All right, so there’s no official confirmation that they’re dating, but after they crashed the wedding rehearsal for some total strangers in California over the weekend (oh nostalgia, reminds me of my ex) what do you think?
Well, it seems like a perfect match. I mean, Perry was married to Russell Brand, so it doesn’t appear looks are that important. (Voice too! Jesus Christ, that kind of tolerance deserves a Grammy all it’s own). And Katy Perry’s just fuckin’ hot, so maybe we outta take away Rob’s “faggot” epithet.
Or not, because it’s just too much fun: like the meme that has the picture of Nosferatu on one side (check Wikipedia, you fuckin’ kids) with the subtitle “Vampire” and Edward on the other with the subtitle “Faggot.” That was on my desktop for weeks.
Anyway, back to our skewered subjects. Apparently, Perry and Pattinson didn’t do anything to draw attention to themselves. They just sat in the courtyard of the San Ysidro Ranch Hotel in Montecito, Calif. watching the ceremony, dressed very casually. Perry reportedly had on a hoodie and big sunglasses. (Holy shit! Are there pictures? Let me know which Target bargain bins I can buy my own at!)

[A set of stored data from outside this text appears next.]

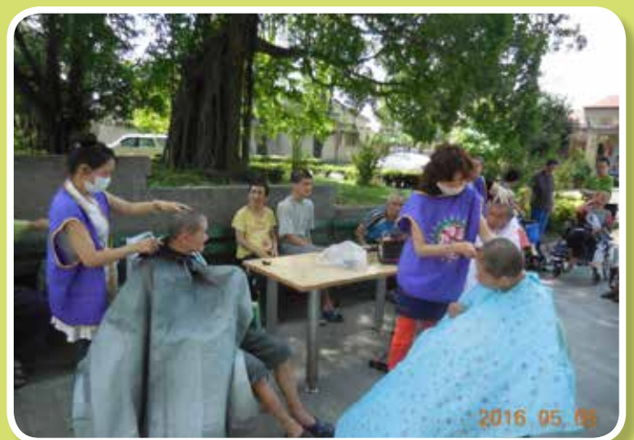
結合民間理髮工會蒞院實施義剪服務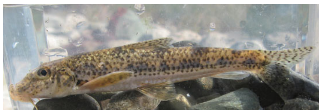
カマツカ（コイ科）

荒川にはアユ、ウグイ、オイカワ、カマツカなどが生息している。周辺の水田の用水路にはシマドジョウ、ホトケドジョウが見られ、全国的にも珍しくなったメダカも報告されている。また、夏になるとゲンジボタルやヘイケボタルが飛ぶ。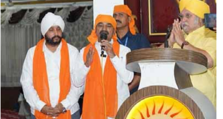
మేడ్చల్,డిసెంబర్ 26 (తరంగాలు)

దేశ రక్షణ కోసం, ధర్మ రక్షణ కోసం, మన స్వేచ్ఛ కోసం వందల సంవత్సరాల క్రితం అనేక మంది ప్రాణాలు అర్పించారని మల్లాజిగిరి ఎంపీ ఈటల రాజేందర్ కీలక వ్యాఖ్యలు చేశారు వారిని స్మరించుకోవడం మన కర్తవ్యమన్నారు. ఈ మేరకు ఇవాళ సికింద్రాబాద్ గురుద్వారాలో వీర్ బాల్ దివస్ కార్యక్రమంలో ప్రసంగించారు. గురు గోవింద్ సింగ్ ఆయన నలుగురు పిల్లలు యుద్ధంలో మరణించారని తెలిపారు. వారి బలిదానాల నుంచి మనకు ఈ స్వేచ్ఛ స్వతంత్రతలు వచ్చాయన్నారు. సిక్కు గురుదేవుల, వారి పిల్లల త్యాగాలను భవిష్యత్తు తరాలు గుర్తు చేసుకునే విధంగా ఉండాలని, స్ఫూర్తి పొందాలని భారత ప్రధాని మోడీ దేశవ్యాప్తంగా ఈ కార్యక్రమాన్ని నిర్వహిస్తున్నారని వెల్లడించారు.బిర్సా ముండాతో పాటు అనేక మంది రియల్ హీరోస్ ఆఫ్ ఇండియాను గుర్తించి వారి జయంతలు, వర్ణంతులు నిర్వహిస్తున్నారని అన్నారు. ఈ అమరుల త్యాగాలు వృధా కావని చెప్పారు. వందల ఏళ్ల పాటు భరత జాతి ఏకోన్మఖమై స్వాతంత్రం కోసం పోరాడారని, లక్షలాది మంది జైలు పాలయ్యారని గుర్తుకు చేశారు. వేలాదిమంది ప్రాణత్యాగాలు చేశారని, ఆ త్యాగాల ఫలితమే మన స్వాతంత్రమని వివరించారు. వీర్ బాల్ దివస్ పేరుతో ప్రధానమంత్రి నిర్వహిస్తున్న ఈ కార్యక్రమం ద్వారా జాతి స్ఫూర్తి పొందాలని ఈటల రాజేందర్ అన్నారు.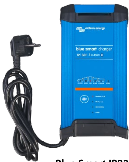
Blue Smart IP22 12/30 (3)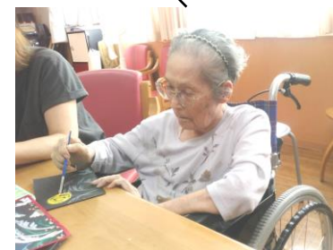
とても丁寧に仕上げています!

フロアでは毎月職員が考えた飾 りつけを皆で作ります!もう9月 になるということで皆で制作☆ 「こんなんようするかな〜」と皆 さん真剣に取り組んでくださり完 成☆ 綺麗にできましたね!と言 われると「えへへ(笑)そうかな♪」 と照れながらも嬉しそう!またフ ロアが明るくなりました!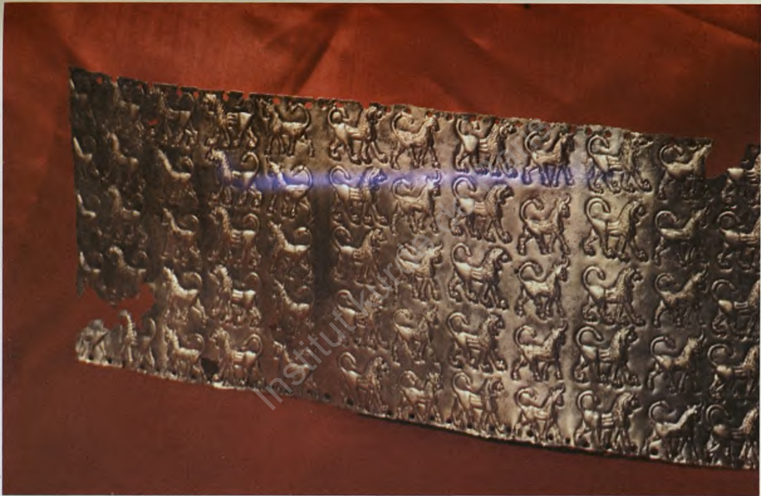
Fig. 13: An example of the Urartian metal workmanship: figures of lions and bulls on a bronze belt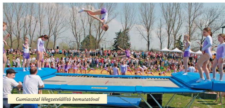
Gumiasztal lélegzetelállító bemutatóval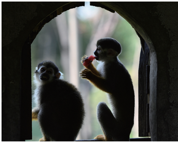
8月1日,松鼠猴在合肥野生动物园内吃瓜果。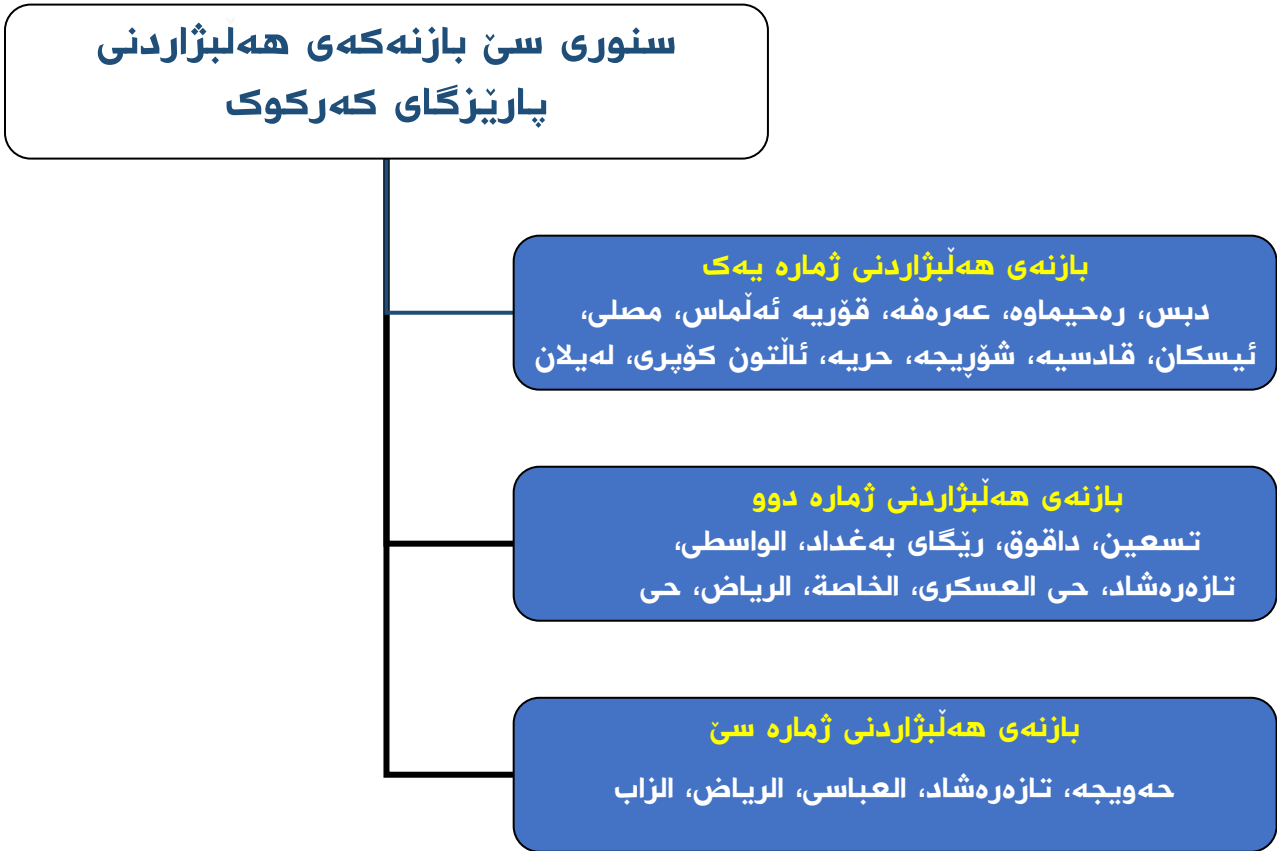
گرافىك ژمارە 2-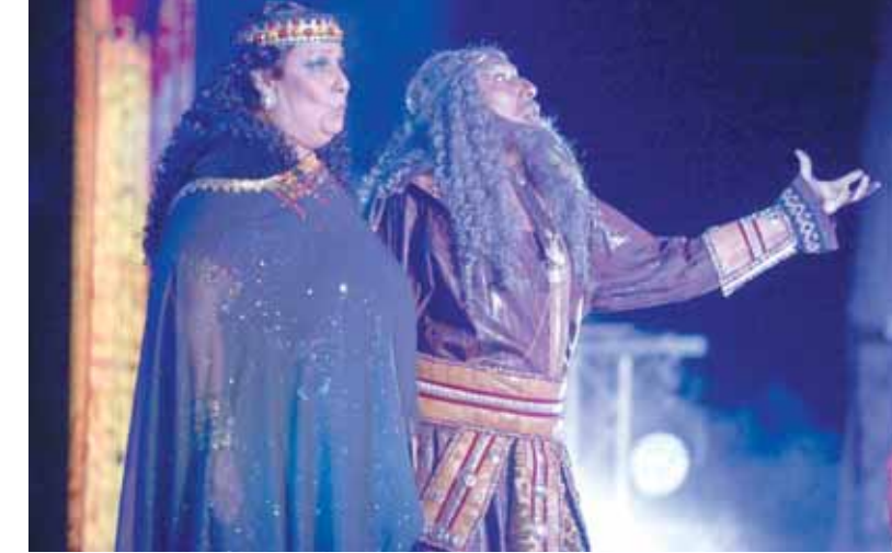
أوبرا عابدة خلال عرضها بإيطاليا

توج بهذه الهدية الرائعة للجمهور الإيطالي في ختام الموسم الثقافي لها الذي أقيم تحت عنوان «مصر إيطاليا حضارة وثقافة.. صداقة بلا حدود»، وأشارت إلى أن أوبرا عابدة تعكس هذا المعنى باعتبارها مستوحاة من الحضارة المصرية القديمة.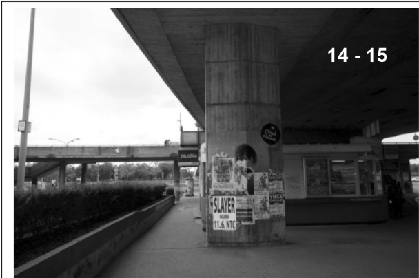
14 - 15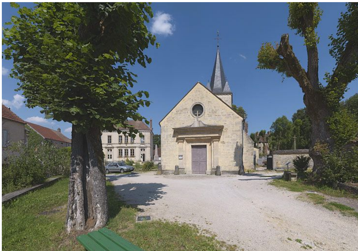
L'église de Gissey de face, la mairie-école à gauche et à droite, le cimetière, derrière dans les arbres, le château.

So moving on, this brings about some fun speculation. Like, does anyone wonder if his dick is ice-cold, just like a real vampire’s? If that’s what turns Katy on, I shoulda looked her up a long time ago. (They make dildos for that shit too…but my god, how fast would THAT kill the mood?) As for Pattinson, I’m sure he’s happy to be around someone who doesn’t have the permanent “Who Farted? Look” (ie Kristin Stewart) on her face. And it’s likely another plus to be around someone who’s at least somewhat talented…you know, even if she has no Grammy nominations yet, but there’s still time for Perry, maybe…
So congratulations Katy! You have a real shot at stealing most of your fans’ “Teenage Dream.”